Bravura: bravura.png
Gonville: gonville.png

In reply to by Fifis

This is an interesting problem. I think your comments (Marc) about font designers miss the point: they designed the brackets as part of a text font. Properly speaking brackets to go around notes (or other symbols like accidentals) should be designed as part of the music (symbol) "font". After all, a slur is just a bracket put through some extra transformations, and you would not expect to see Times Roman slurs looking different from Bodoni slurs (there's a thought!)...

I was just looking at one of my typography books (Betty Binns), talking about how the "point size" simply does not directly relate to the size of the letters and symbols, so you cannot convert from note size in 'sp' to font size in 'pt' and expect perfection. Whereas, brackets designed just as slurs are would be made to fit the note size.

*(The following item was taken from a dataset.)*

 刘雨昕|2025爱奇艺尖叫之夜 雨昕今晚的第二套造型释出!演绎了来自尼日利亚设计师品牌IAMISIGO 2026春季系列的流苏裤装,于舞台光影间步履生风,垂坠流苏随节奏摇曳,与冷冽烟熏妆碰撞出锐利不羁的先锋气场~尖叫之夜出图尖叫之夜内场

In reply to by Imaginatorium

Actually, no, music fonts are designed first as music fonts. Apparently the professional engravers who designed those fonts do prefer larger parentheses around notes.

Slurs are not font symbols because they need to be sized and shaped individiually. So rather than using a font symbol, they are drawn as graphics, using Bezier curves and so forth.

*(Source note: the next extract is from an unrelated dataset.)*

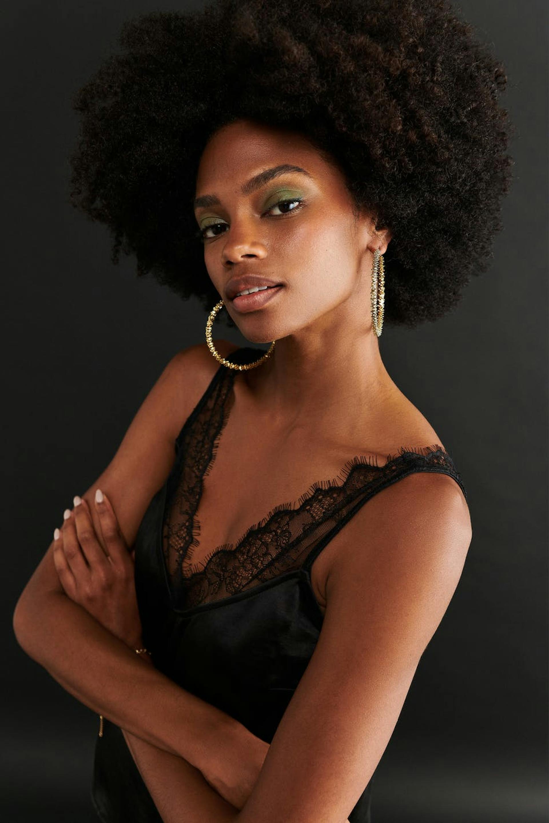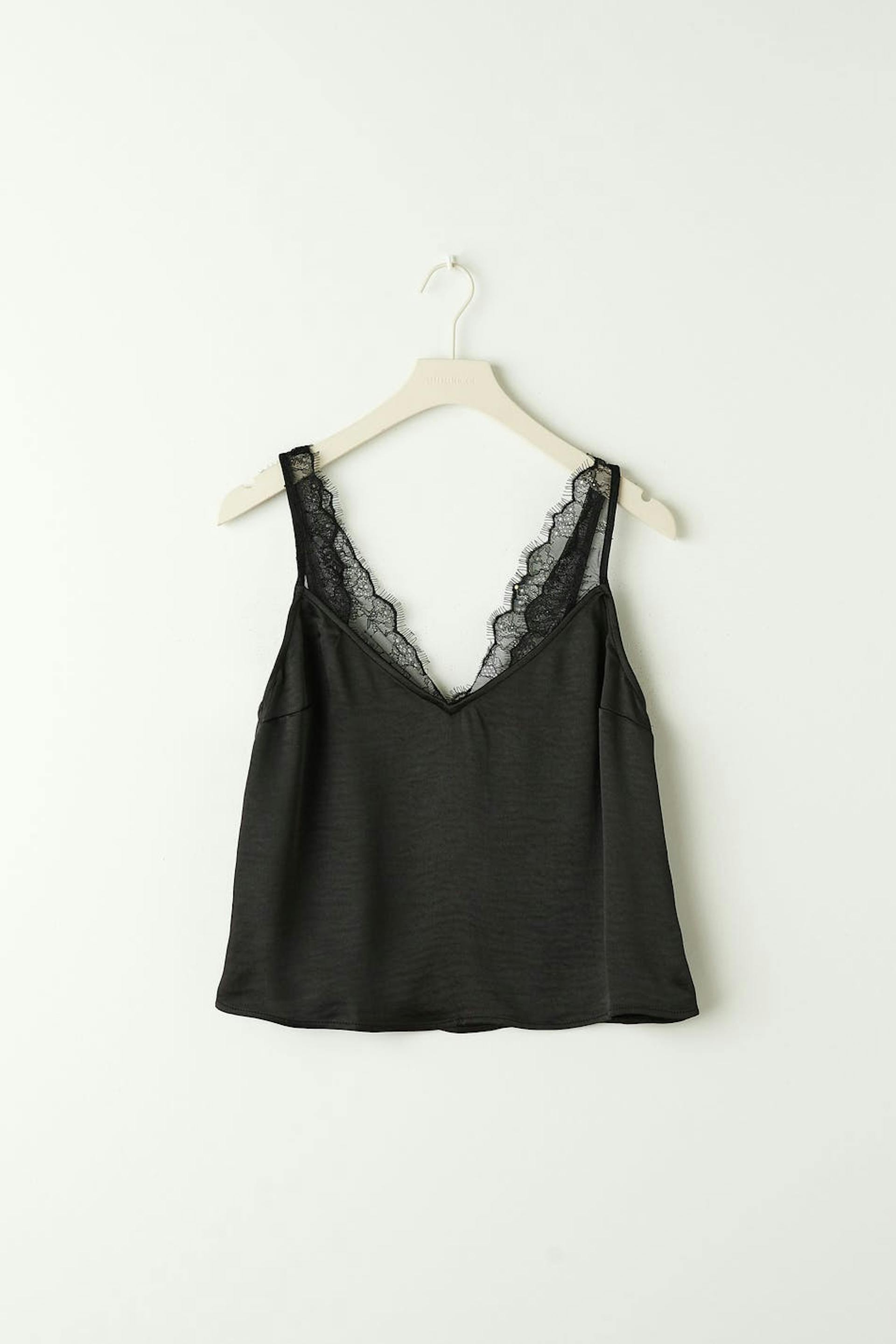 Tank van satijn met v-halslijn. De tank is zwart en heeft schouderriemen van kant.

Music fonts are designed so that symbols should display at the proper size when set to 20 pt. Everything is then scaled accordingly.

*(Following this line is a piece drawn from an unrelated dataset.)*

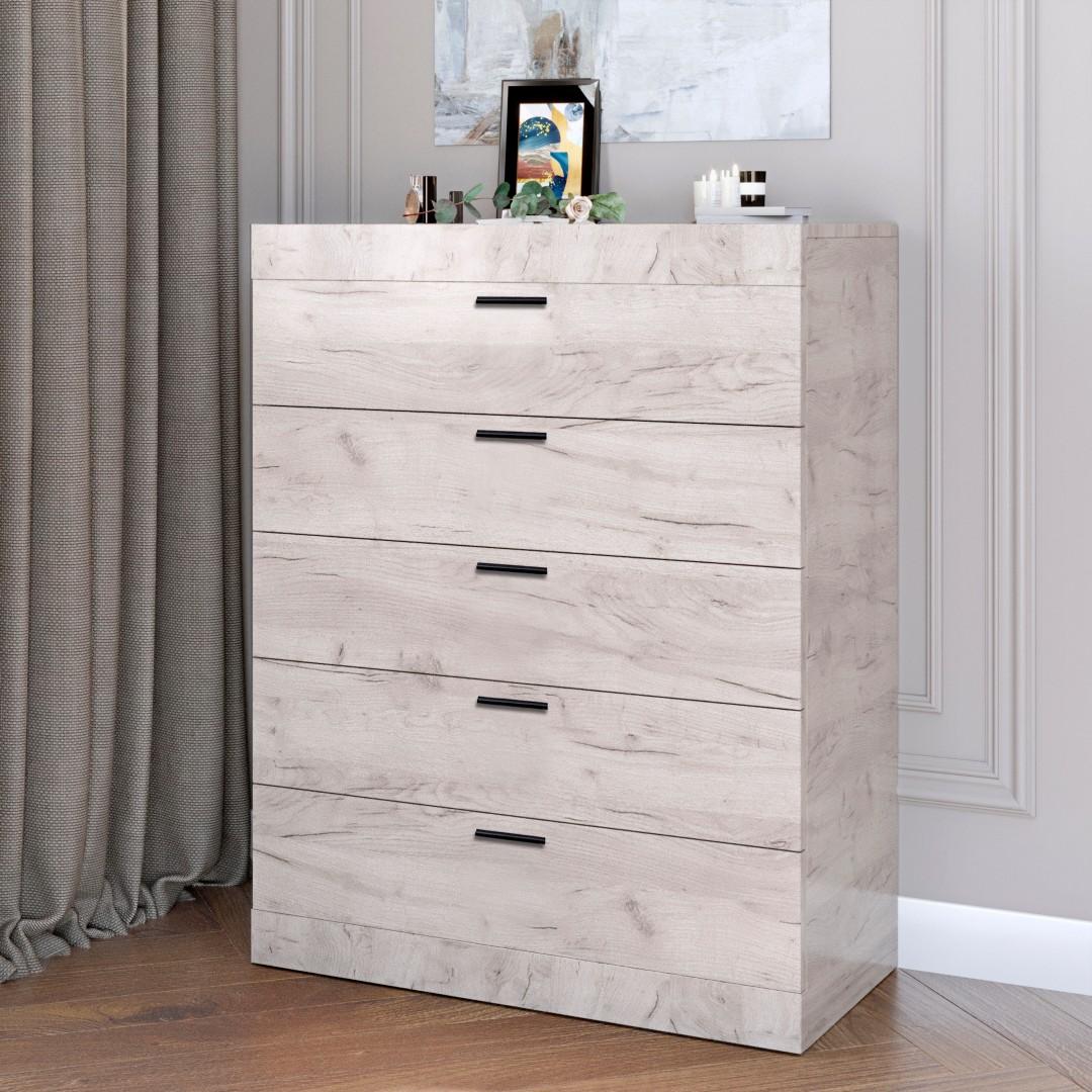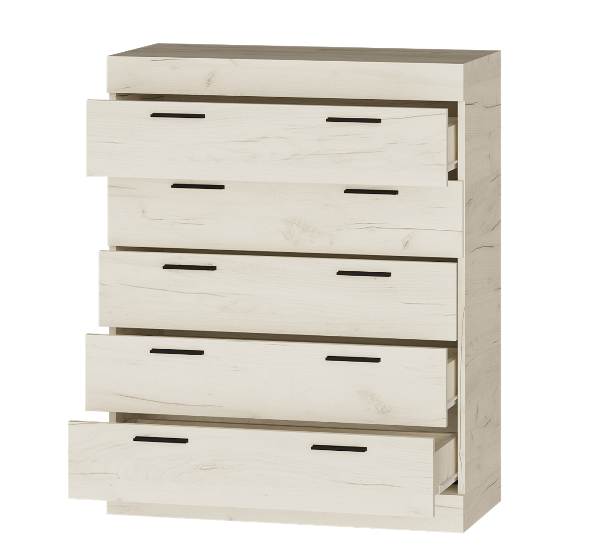 П’ять висувних шухляд забезпечують достатньо місця для зберігання одягу, білизни та інших речей.

In reply to by Imaginatorium

Not in the same sense at all. MuseScore doesn't draw brackets as Bezier curves, nor does it draw the letter "P" that way. We have no knowledge of the shape of those symbols. We simply ask the font subsystem to draw those characters for us. Only slurs, ties, and other symbols designed to be resizable get calculated and drawn directly by MuseScore.

bracket.png
Isn't this about what you want? If you were to ask Simon Tatham, who I expect went to Gonville and Caius College, and who describes himself as a software engineer and free-software author, I think it is extremely unlikely he would say "Well, I'm a professional music font designer, so you can't question it". (Actually I very much doubt if there is enough music font designing in the world to support even one person fulltime for a lifetime.) It's more likely that parentheses are copied from a text font, and applied, somehow. And it is not clear that there is a single "somehow" that would cover all cases.

In a text font of a given size, the parentheses are designed to match the text font, using a standard size, whether the text is capital or lower case, with or without ascenders and descenders. So (COW), (dog), and (ram) all look fine. But in music it is not reasonable to expect the same size to fill all purposes. For example, accidental are of height about 2sp, and you would expect the brackets to be at least 2sp high. But to mark a single note in a dense chord, this is obviously unsuitable.

Perhaps someone here can explain the relation between the actual music font size (i.e. sp), and the nominal font size of the parentheses as part of a text font.